King is best known as a horror writer, although he has branched into other genres over the years, including fantasy, science fiction, historical fiction, and mystery. King's novels feature a host of scary creatures—from rabid dogs and angry teenagers to vampires, ghosts, and sewer monsters—but they also explore the darkest depths of human nature and the destructive potential of governments, social structures, and technology. He told Rolling Stone magazine in 2014, "The stuff I was drawn to was built in as part of my equipment"—in other words, those dark and destructive topics have always been inside him. Despite—or perhaps because of—his commercial success, literary critics frequently dismissed King as a genre writer, highlighting a longstanding division in the publishing industry between "serious" literary fiction and genre fiction—such as mystery, romance, fantasy, science fiction, and horror—which is seen as pure entertainment for the masses, not a platform to consider the weighty human dilemmas believed to define great literature. When King received the National Book Foundation Medal for Distinguished Contribution to American Letters in 2003, some critics were unhappy. In an interview with The New York Times, Richard Snyder, a co-founder of the National Book Foundation, acknowledged King's work sells a lot of copies and then added, "But is it literature? No." King has long spoken openly against "cultural elitism" and critical traditions that give genre fiction less literary credibility, and his influence has helped reshape attitudes toward popular and genre fiction in recent decades.
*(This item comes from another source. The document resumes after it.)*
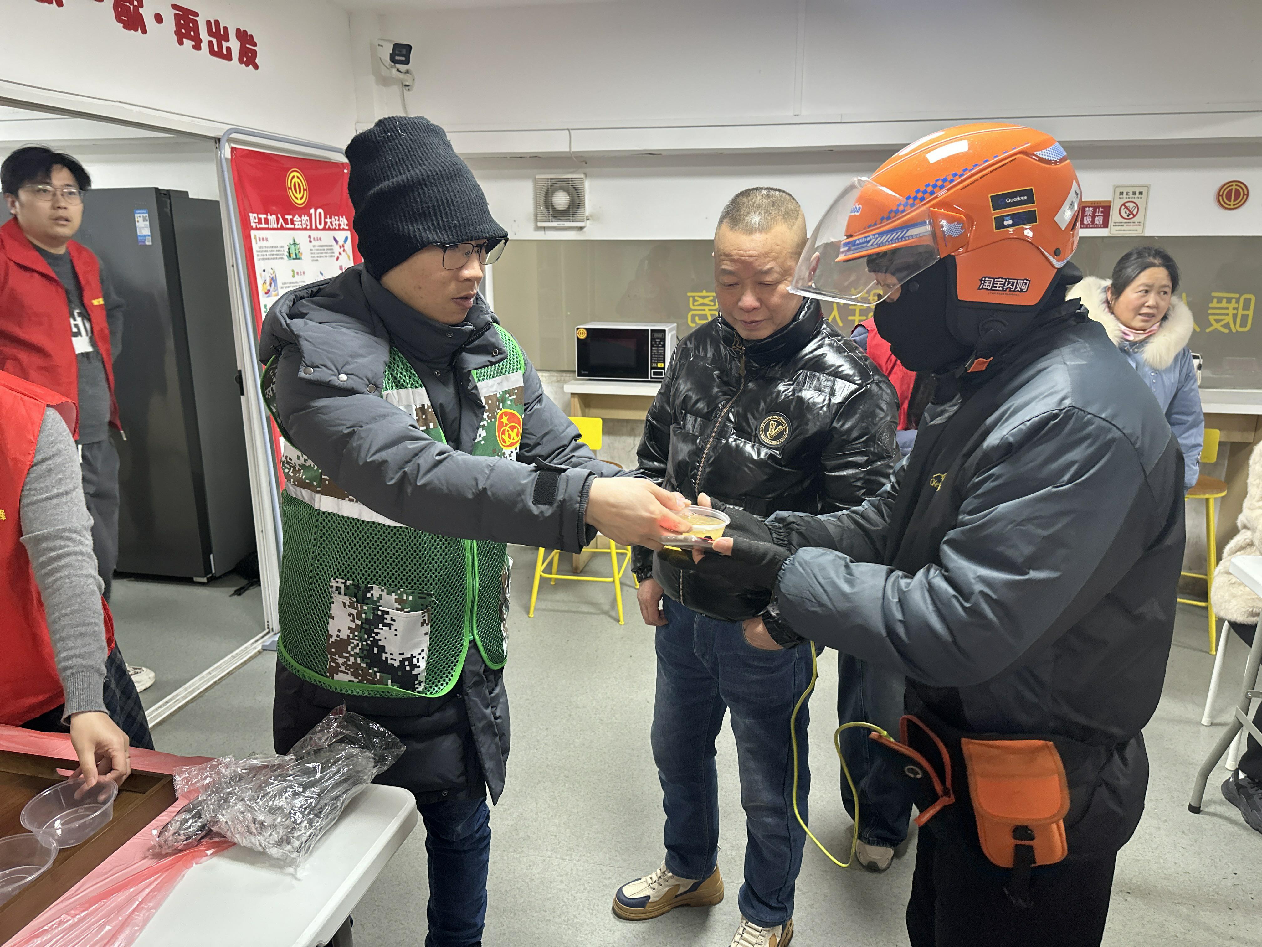 1月27日上午,嘉兴市秀洲区新城街道春晓社区摩尔驿站里十分热闹。社区退役军人志愿服务队的队员们身穿统一马甲,准备了热银耳汤、水饺等食物,开展“戎耀暖冬,情系户外劳动者”活动,为在寒冷天气中忙碌的外卖员、保洁员、快递员等户外工作者送上温暖和新春祝福。

In addition to monsters, King's novels and short stories feature several other recurring elements. One is American popular culture; many of his works include references to songs, television, and film. Another element is the danger of substance abuse. King has been open about his struggle with alcohol and drug addiction during the first two decades of his career; he has been sober since the late 1980s. This struggle worked its way into early novels such as The Shining (1977) and Misery (1987). In his later work, addiction remains a destructive force and the cause of unhappiness for both major and minor characters. Childhood is another recurring element. In King's early novels, such as Carrie, Firestarter (1980), Pet Sematary (1983), Christine (1983), and It, children and teenagers are main characters, allowing King to explore various hazards and learning experiences of growing up. King's later work bears the influence of another life-threatening experience, a 1999 accident in which he was hit by a minivan while walking near his home in Maine.

The Shining

King has recounted the biographical inspiration for The Shining in several interviews since the novel's publication. In September 1974 he and his wife, Tabitha, checked into the Stanley Hotel near Estes Park, Colorado, on the last night of the season, as most of the other hotel guests were checking out. King describes the atmosphere as "creepy" because of the hotel's isolation and the deserted premises. He decided the hotel was the "perfect—maybe the archetypal—setting for a ghost story." The couple stayed in Room 217, purported to be haunted, and King woke from a nightmare about his three-year-old son being chased through the hotel's hallways by one of the snakelike fire extinguishers. By checkout time he had the outline of The Shining in his mind.

By the mid-1970s King had developed a full-blown alcohol addiction. He later realized The Shining was the first of his novels to represent a "scream for help," although he didn't consciously recognize his alcoholism until the early 1980s. In his memoir On Writing (first published in 1999), King says, "I was, after all, the guy who wrote The Shining without even realizing ... that I was writing about myself." The novel's tragic character, Jack Torrance, is a teacher and aspiring writer, like King in his early 20s. Unlike King, who left teaching after he sold his first novel, Torrance is relieved of his teaching position after assaulting a student. In interviews and writings addressing his substance abuse problems, King emphasizes his desire to keep his addictions secret so he could continue to indulge them. Violent outbursts, especially from an author of King's fame, would have created the kind of exposure he sought to avoid. In this respect Jack represents the person King most feared becoming.